Another contender for hydrogen production from seawater is photocatalytic water splitting, no need for electrodes here, just add a catalyst, aim a light source and hydrogen again should evolve. Research has come up with a bunch of catalyst systems, a recent example is metal-doped strontium titanate perovskite (Sahrma et al. 2019 DOI). In this particular effort sea water (Tamsui River in Taiwan) was also tried but it behaved badly compared to fresh water.
One adventurous 2019 research article (Kim et al. 2019 DOI) has the promise of simultaneous carbon dioxide consumption, electricity generation and hydrogen evolution in seawater (sea of Ulsan). To good to be true? In the proposal a carbon dioxide feed continuously acidifies a seawater platinum cathode compartment, the other compartment is an alkaline solution with a zinc electrode. This constitutes a working galvanic cell with accumulation of potassium bicarbonate , a spent zinc electrode and hydrogen gas production. Too good to be true.

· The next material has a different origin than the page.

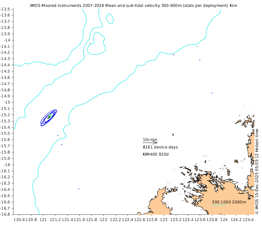 These maps show some basic analyses of the velocity data: mean (all-time in black and seasonal in colour) and sub-tidal variance for several layers and time-windows, and tidal harmonics for the depth-average velocity using the whole record. Click through to see more detailed plots of the selected dataset or to download those data from the AODN thredds server.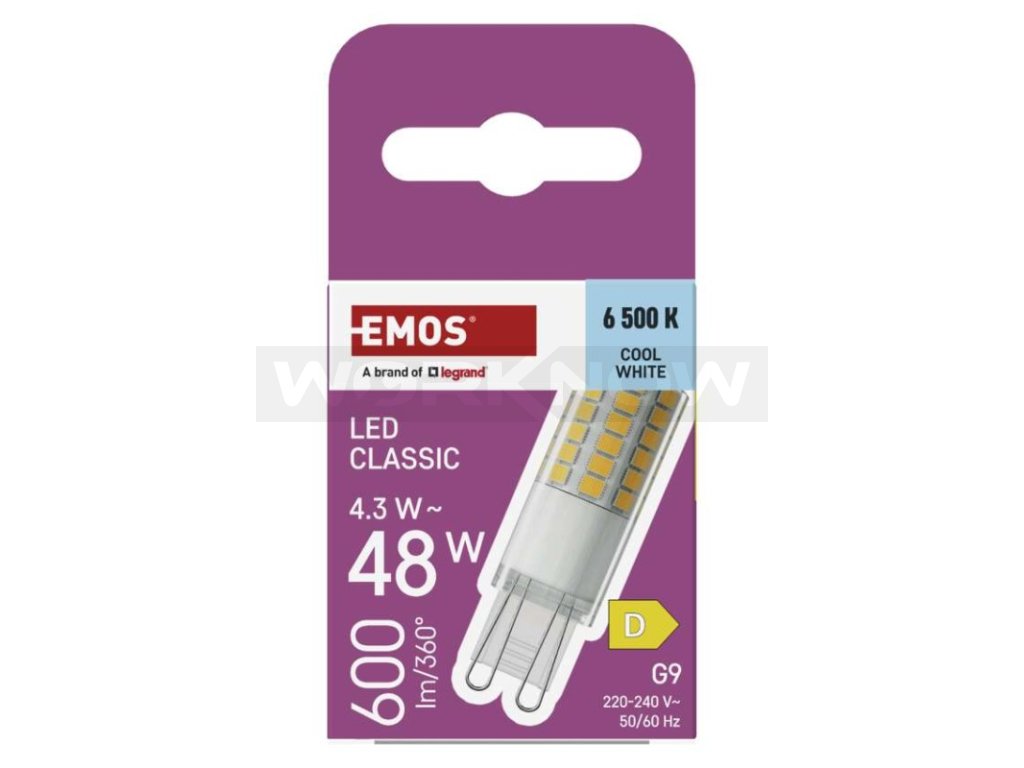 LED žárovka Classic JC / G9 / 4,3 W (48 W) / 600 lm / Studená bílá

Aluminum metal is a known redox partner for water but the oxide outer layer poses a problem and aluminum salts have to be regenerated. In a 2017 effort (Lu et al. DOI) the liquid gallium-indium alloy galistan (think thermometer) is proposed as a remedy for use of Al with artificial seawater. The alloy destroys the oxide layer and can be reused.
Hydrogen can also be replaced by hydrogen peroxide as fuel carrier. The production of this compound from seawater was demonstrated by Mase et al (2016 , DOI) with a tungsten trioxide catalyst. This seawater was made from commercially available red sea salt and with respect to experimental reproducibility preferable over real seawater.
Someone is yelling methanol. If it is not going to be the hydrogen economy or the hydrogen peroxide economy there is always the methanol economy and Hogerwaard et al. have been viewing a bucket of seawater as a bucket of future methanol. A 2019 analysis (DOI) envisions artificial islands stacked to the brim with advanced solar technology and electrodialysis units. In this technique seawater is desalinated using an electrode to force the sodium ions past an ion-exchange membrane. Hydrogen gas production is a side effect in commercial desalination plants based on electrodialysis but in a combined dialysis / electrolysis process the main aim becomes hydrogen production and in addition because hydrogen ions replace the sodium ions the formation of carbon dioxide is also accelerated. In a final step hydrogen and carbon dioxide combine to form the methanol.